8.6 Content-Addressable Prompt Store

For sensitive transcripts that shouldn't live in Git history, v4 defines a protocol for external storage:

{
  "prompts": {
    "a1b2c3d4e5f67890": {
      "agent_id": { "tool": "cursor", "model": "claude-sonnet-4-20250514", "id": "..." },
      "messages": { "$ref": "cas://sha256:abc123.../messages" },
      "summary": "User requested auth implementation. AI created JWT middleware."
    }
  }
}

The $ref field indicates content stored externally. Supported schemes:

  • cas://sha256:<hash>/<path> - Content-addressable store (implementation-defined)
  • file://<path> - Local file reference (RESTRICTED - see Security)
  • https://<url> - Remote HTTPS endpoint (RESTRICTED - see Security)

Security restrictions for $ref resolution (see also §11.3):

Scheme Default Flag to enable
cas:// Allowed (local CAS only) N/A
file:// BLOCKED --allow-file-refs (restricted to repo)
https:// BLOCKED --allow-network-refs
http:// BLOCKED Not supported (no flag)

jj-ai stores the reference in .jj/ai/notes/ and resolves on read. For jj-ai sync --to-git:

  • Default: Inline messages if small (<10KB), else use $ref with summary
  • --inline-transcripts: Always inline (may bloat notes)
  • --strip-transcripts: Only include summary, drop messages entirely

8.7 Removed Fields

v4 removes per-session statistics that can be computed on-demand via jj-ai diff or git-ai diff:

  • total_additions
  • total_deletions
  • accepted_lines
  • overridden_lines

Calculating on-demand is faster and more accurate than maintaining stale counters.

8.8 Forked Threads

When a conversation branches (e.g., user backtracks and tries a different approach), v4 tracks thread lineage:

{
  "prompts": {
    "thread-main-abc": {
      "agent_id": { ... },
      "forked_from": null,
      "fork_point_message_idx": null,
      "messages": [...]
    },
    "thread-alt-xyz": {
      "agent_id": { ... },
      "forked_from": "thread-main-abc",
      "fork_point_message_idx": 5,
      "messages": [...]
    }
  }
}

This enables tools to visualize conversation evolution and understand why code changed direction.

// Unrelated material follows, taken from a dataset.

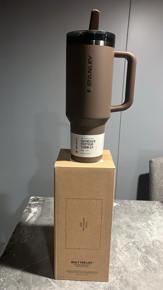 The Stanley Quencher ProTour Flip Straw 40oz Tumbler in Espresso Brown is a three-piece tumbler with a solid color design featuring a happy character. This tumbler has a drink-through lid and can keep beverages cold for up to 11 hours. Made of stainless steel, steel, and BPA-free plastic, it is insulated and has a 40oz capacity. With a handle for easy carrying, this tumbler is ideal for teens, adults, girls, and kids who enjoy cold drinks on the go. The item comes with a lifetime manufacturer warranty and is recommended for hand wash only.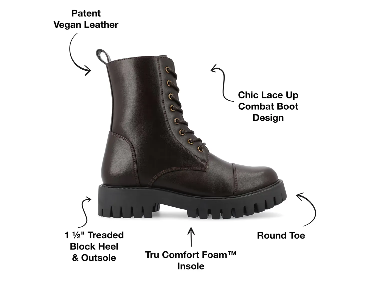 Подчеркните свой модный взгляд с ботильонами Aaley из коллекции Journee. Ботинки в боевой тематике с шикарным верхом из веганской синтетической ткани оснащены шнуровкой и молнией для идеальной посадки. Подошва с выступами обеспечивает надежное сцепление.

8.9 Backwards Compatibility

Wire format compatibility is paramount. The attestation section grammar MUST remain v3-compatible.

Reading Writing
jj-ai MUST read v3 and v4 jj-ai SHOULD write v3-compatible wire format by default
v3 user → v4 human v4 extras stored in attestation_meta JSON only
v3 assistant → v4 ai Stats fields omitted in v4
v3 tool_use → v4 tool Message index defaults to null if unknown

Version negotiation:

  • --schema-version=3: Pure v3 output (no attestation_meta)
  • --schema-version=4: v3 attestation section + v4 JSON metadata (default when v4 data present)
  • Auto-detect on read via schema_version field

8.10 v4 CLI Additions

New flags for v4 features:

jj-ai attach [OPTIONS]
      --plan <JSON>           Attach plan JSON
      --parent-session <ID>   Mark as subagent of parent session
      --message-idx <N>       Associate with specific message index
      --cas-store <URL>       Store transcript in content-addressable store

jj-ai show [OPTIONS]
      --expand-refs           Resolve $ref pointers to inline content
      --plans                 Show plan evolution

jj-ai diff [OPTIONS]
      -r, --revset <REVSET>   Calculate AI contribution stats on-demand
      --by-session            Break down by session

9. Upstream jj Tracking

This section tracks relevant upstream jj issues and design work that may impact jj-ai.

9.1 Active Upstream Issues

Issue Title Status Impact on jj-ai
#8166 design: Add support for per-revision metadata 🟢 Open High - Could replace .jj/ai/notes/
#6664 FR: key/value store per change and commit 🟢 Open High - Broader metadata use cases
#4766 FR: Make jj annotate extendable with blame layers 🟢 Open Medium - Could simplify jj-ai blame
#8395 FR: Add support for jj notes 🔴 Closed Duplicate of #8166
#4706 FR: Transfer change ids via Git remote 🔴 Closed Solved via git.write-change-id-header

9.2 Per-Revision Metadata Design (Issue #8166)

A design document is in progress with these key points:

Semantics:

  • Metadata attaches to either change ID (survives rewrites) or commit hash (pinned)
  • Change-id attachment is exactly what jj-ai needs
  • Squash merges metadata; split follows change-id

Proposed CLI:

jj metaedit --set KEY=VALUE -r REVISION
jj metaedit --unset KEY -r REVISION

Scope explicitly excludes:

  • ❌ Syndication to remotes (no git notes export)
  • ❌ Topics formalization (separate effort)

Maintainer comments (martinvonz):

"We can probably still map the metadata to Git notes. We should be able to have a notes ref like refs/notes/jj/metadata..."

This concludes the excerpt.